Signes qui justifient une consultation urgente
Certains signes imposent une prise en charge rapide :
- Perte de force marquée de la main ou difficulté à tenir des objets : signe d’atteinte motrice, à évaluer rapidement.
- Engourdissement progressif associé à troubles de la marche ou à une faiblesse généralisée : nécessite une évaluation neurologique en urgence.
- Douleur intense, inflammation locale, chaleur ou signes infectieux : consulter sans délai.
- Sensation de fourmillements qui s’étend rapidement ou devient bilatérale et symétrique chez une personne diabétique : bilan à court terme recommandé.

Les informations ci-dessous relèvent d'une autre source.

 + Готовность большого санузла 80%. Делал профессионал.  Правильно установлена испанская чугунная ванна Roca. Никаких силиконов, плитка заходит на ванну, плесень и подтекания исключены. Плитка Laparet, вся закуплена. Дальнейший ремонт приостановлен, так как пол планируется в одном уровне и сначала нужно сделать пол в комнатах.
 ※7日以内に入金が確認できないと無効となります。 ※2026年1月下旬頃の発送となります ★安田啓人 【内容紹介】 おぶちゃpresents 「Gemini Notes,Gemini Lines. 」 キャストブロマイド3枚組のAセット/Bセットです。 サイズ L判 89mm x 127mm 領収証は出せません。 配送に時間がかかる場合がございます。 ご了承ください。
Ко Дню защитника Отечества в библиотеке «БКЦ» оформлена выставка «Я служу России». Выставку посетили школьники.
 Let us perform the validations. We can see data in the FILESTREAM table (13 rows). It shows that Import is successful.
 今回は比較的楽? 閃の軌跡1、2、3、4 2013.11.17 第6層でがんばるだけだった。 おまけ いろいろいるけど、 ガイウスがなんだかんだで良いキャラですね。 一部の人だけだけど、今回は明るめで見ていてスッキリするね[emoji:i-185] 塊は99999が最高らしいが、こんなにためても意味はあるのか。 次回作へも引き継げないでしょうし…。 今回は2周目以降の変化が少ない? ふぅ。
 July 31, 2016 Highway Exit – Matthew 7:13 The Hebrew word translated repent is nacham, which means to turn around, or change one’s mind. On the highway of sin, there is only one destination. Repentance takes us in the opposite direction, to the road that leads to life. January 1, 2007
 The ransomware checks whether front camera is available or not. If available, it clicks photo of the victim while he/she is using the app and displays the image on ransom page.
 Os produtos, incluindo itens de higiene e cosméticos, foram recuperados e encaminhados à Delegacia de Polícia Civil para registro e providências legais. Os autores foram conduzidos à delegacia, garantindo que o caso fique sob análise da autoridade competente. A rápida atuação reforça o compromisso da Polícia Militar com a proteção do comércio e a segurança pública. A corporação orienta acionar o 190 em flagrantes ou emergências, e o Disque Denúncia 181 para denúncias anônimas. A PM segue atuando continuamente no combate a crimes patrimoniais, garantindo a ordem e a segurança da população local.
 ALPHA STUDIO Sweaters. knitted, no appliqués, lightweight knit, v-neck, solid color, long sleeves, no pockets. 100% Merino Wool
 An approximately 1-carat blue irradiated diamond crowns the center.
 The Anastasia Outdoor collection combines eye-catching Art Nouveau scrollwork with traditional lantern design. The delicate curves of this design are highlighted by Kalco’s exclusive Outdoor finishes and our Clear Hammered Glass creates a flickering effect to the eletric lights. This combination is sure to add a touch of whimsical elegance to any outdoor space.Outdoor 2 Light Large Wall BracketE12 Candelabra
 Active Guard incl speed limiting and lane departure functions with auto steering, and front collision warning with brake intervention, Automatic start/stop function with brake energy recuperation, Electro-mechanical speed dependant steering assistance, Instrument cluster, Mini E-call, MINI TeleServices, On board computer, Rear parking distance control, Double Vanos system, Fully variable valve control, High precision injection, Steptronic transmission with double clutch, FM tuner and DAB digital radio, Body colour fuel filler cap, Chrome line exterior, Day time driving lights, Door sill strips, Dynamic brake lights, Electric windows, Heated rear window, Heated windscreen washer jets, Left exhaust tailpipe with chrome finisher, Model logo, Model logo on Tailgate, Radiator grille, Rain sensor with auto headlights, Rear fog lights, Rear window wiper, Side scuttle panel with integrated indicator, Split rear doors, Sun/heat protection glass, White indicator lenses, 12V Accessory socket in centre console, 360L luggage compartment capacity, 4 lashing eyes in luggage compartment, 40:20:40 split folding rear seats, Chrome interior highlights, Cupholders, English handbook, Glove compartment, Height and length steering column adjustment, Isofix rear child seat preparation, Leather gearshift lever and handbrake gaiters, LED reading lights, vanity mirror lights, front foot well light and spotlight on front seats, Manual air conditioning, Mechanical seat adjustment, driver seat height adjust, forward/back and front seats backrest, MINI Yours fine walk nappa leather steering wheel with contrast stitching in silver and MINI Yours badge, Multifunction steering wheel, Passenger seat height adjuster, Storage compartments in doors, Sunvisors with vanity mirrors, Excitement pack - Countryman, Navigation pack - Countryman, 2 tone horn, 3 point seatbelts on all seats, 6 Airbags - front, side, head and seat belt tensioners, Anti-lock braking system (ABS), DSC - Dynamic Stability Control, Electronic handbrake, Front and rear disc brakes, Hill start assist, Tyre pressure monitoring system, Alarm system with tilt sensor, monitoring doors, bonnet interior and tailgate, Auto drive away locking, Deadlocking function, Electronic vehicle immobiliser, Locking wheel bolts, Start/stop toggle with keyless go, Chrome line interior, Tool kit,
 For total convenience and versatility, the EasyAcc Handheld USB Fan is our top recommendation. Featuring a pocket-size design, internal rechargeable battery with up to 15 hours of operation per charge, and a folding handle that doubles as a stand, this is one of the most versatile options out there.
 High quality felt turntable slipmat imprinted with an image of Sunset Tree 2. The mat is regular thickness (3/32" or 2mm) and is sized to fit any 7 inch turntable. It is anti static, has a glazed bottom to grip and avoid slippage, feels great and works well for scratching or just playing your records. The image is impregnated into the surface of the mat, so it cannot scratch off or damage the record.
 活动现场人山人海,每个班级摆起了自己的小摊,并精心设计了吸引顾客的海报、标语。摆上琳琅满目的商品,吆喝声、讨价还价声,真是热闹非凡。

À qui s’adresser et comment se préparer pour la consultation
Commencez par votre médecin généraliste qui réalisera un examen clinique et demandera les premiers bilans. Selon les résultats, il pourra vous orienter vers un neurologue, un rhumatologue, un endocrinologue (si diabète) ou un chirurgien de la main. Pour gagner du temps, préparez une liste de vos symptômes avec leurs horaires, une chronologie, les facteurs d’aggravation et d’amélioration, vos antécédents médicaux, traitements en cours et résultats de bilans récents.
Les picotements nocturnes d’une main sont souvent bénins et liés à une compression nerveuse comme le syndrome du canal carpien, à des habitudes posturales ou à des carences. Toutefois, la présence d’une faiblesse, d’une progression rapide des symptômes ou de signes généraux impose une consultation rapide. Des gestes simples à domicile peuvent soulager en attendant un bilan. En cas de doute, consultez votre médecin pour établir un diagnostic précis et proposer un traitement approprié.